Guayasamín, también arquitecto al final de su carrera, concibió en 1985 la Capilla del Hombre, proyecto finalizado solo después de su fallecimiento, en 2002. Ubicada en Quito (Ecuador), la edificación con un área de 3600 mt² de construcción en dos niveles y rodeada de montañas, es una intencionada evocación del Templo del Sol. El espacio poético, homenaje a los hombres y mujeres de América, contiene no sólo una nutrida muestra de la labor de Guayasamín, sino también obras de arte arqueológico, colonial y contemporáneo, donadas por el artista.

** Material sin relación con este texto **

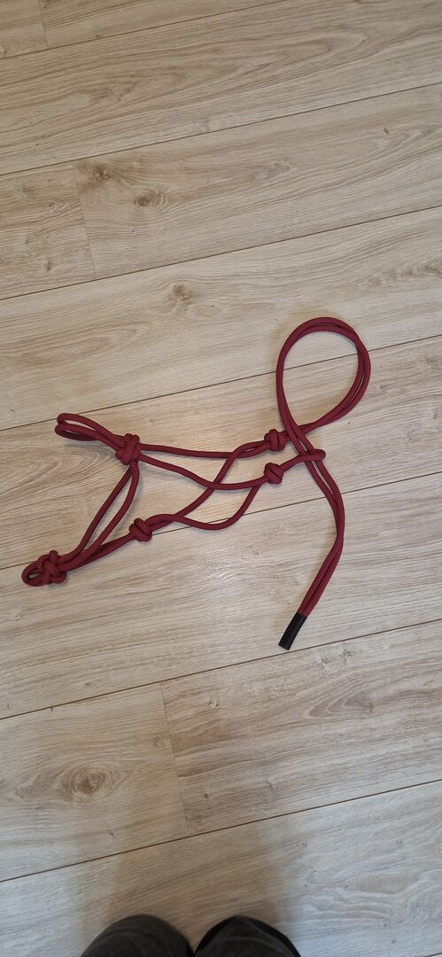 Rood geknoopt halster maat Cob - De Knoti zat op een Tinker, helaas is hij hier te klein omdat hij een erg groot hoofd heeft.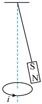 3. 如图所示,一细条形磁铁系于棉线下端形成单摆,摆的正下方固定一水平放置的环形导线。将磁铁从图示位置由静止释放,来回摆动过程中,下列说法正确的是( )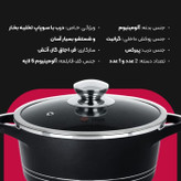 قابلمه تک طرح ایتالیا سایز 16 روکشی از جنس گرانیت نچسب دارد که به آشپزی آسان و بیدردسر کمک میکند. درب این محصول از جنس پیرکس است.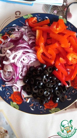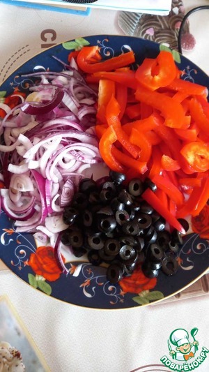Лук режем полукольцами, сладкий перец полосками, маслины колечками. Кто умеет лучше резать очень тоненько, ну у меня уж как вышло!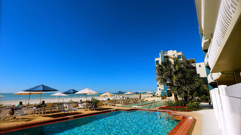 Das Shoreline Island Resort in Madeira Beach, Florida, ist ein exklusives Erwachsenenhotel am Golf von Mexiko. Hier können Sie einen entspannten und ruhigen Urlaub ab 21 Jahren genießen. Mit eigenem Strandbereich, kostenfreiem WLAN und voll ausgestatteten Küchen in allen Unterkünften bietet das Resort alles, was Sie für einen komfortablen Aufenthalt benötigen. Entspannen Sie am beheizten Außenpool, trainieren Sie im Fitnesscenter oder spielen Sie eine Runde Shuffleboard. In der Nähe finden Sie auch verschiedene Attraktionen wie den Johns Pass Village and Boardwalk und den Redington Long Pier zum Angeln.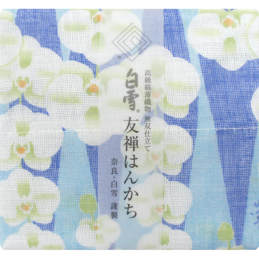 【奈良みやげ】白雪 友禅はんかち 胡蝶蘭 ブルー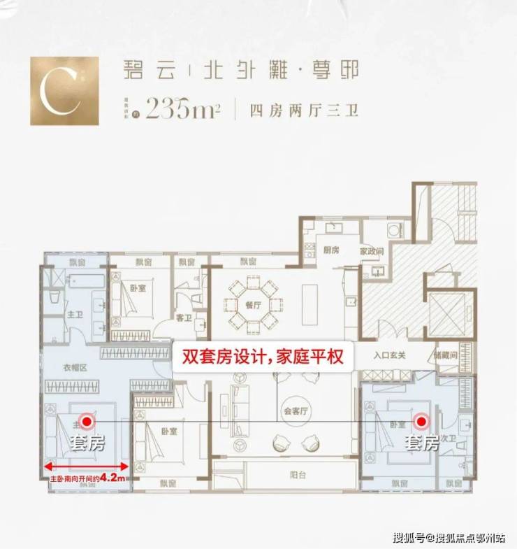 建面约235㎡户型更是做到 南北通透+四开间朝南+南向大宽厅的格局,让业主起居之间沐浴充足阳光。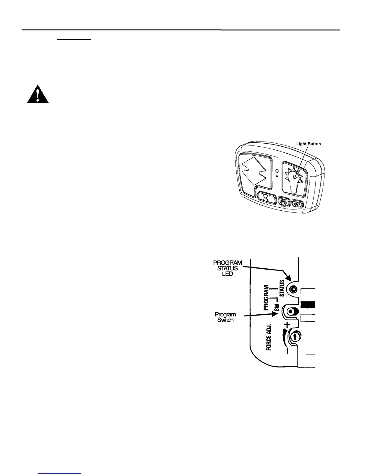 WARNING: During programming the garage door may operate. Keep people and objects clear of the

El propósito fundamental del quiteño, al soñar esta obra, fue encumbrar desde México hasta la Patagonia la unidad Latinoamericana que deviene de una raíz antigua y común a civilizaciones andinas milenarias. Al interior de la Capilla del Hombre pervive “la Llama Eterna por la paz y los Derechos Humanos” y, con ella, la voz permanente de Guayasamín, que como expresa Federico Mayor de Zaragoza es una “maravilla, porque en estos albores de siglo y milenio, duelen los silencios y faltan los gritos”.

Pareciera que desde Quito, donde el anillo del Ecuador abraza la tierra, se hallara, como afirma Jorge Enrique Adoum, la respuesta a una antigua pregunta: “sea hombre o mujer, cuando nuestro corazón se abra a los ‘Otros’, sólo entonces seremos dignos del título de humanos”.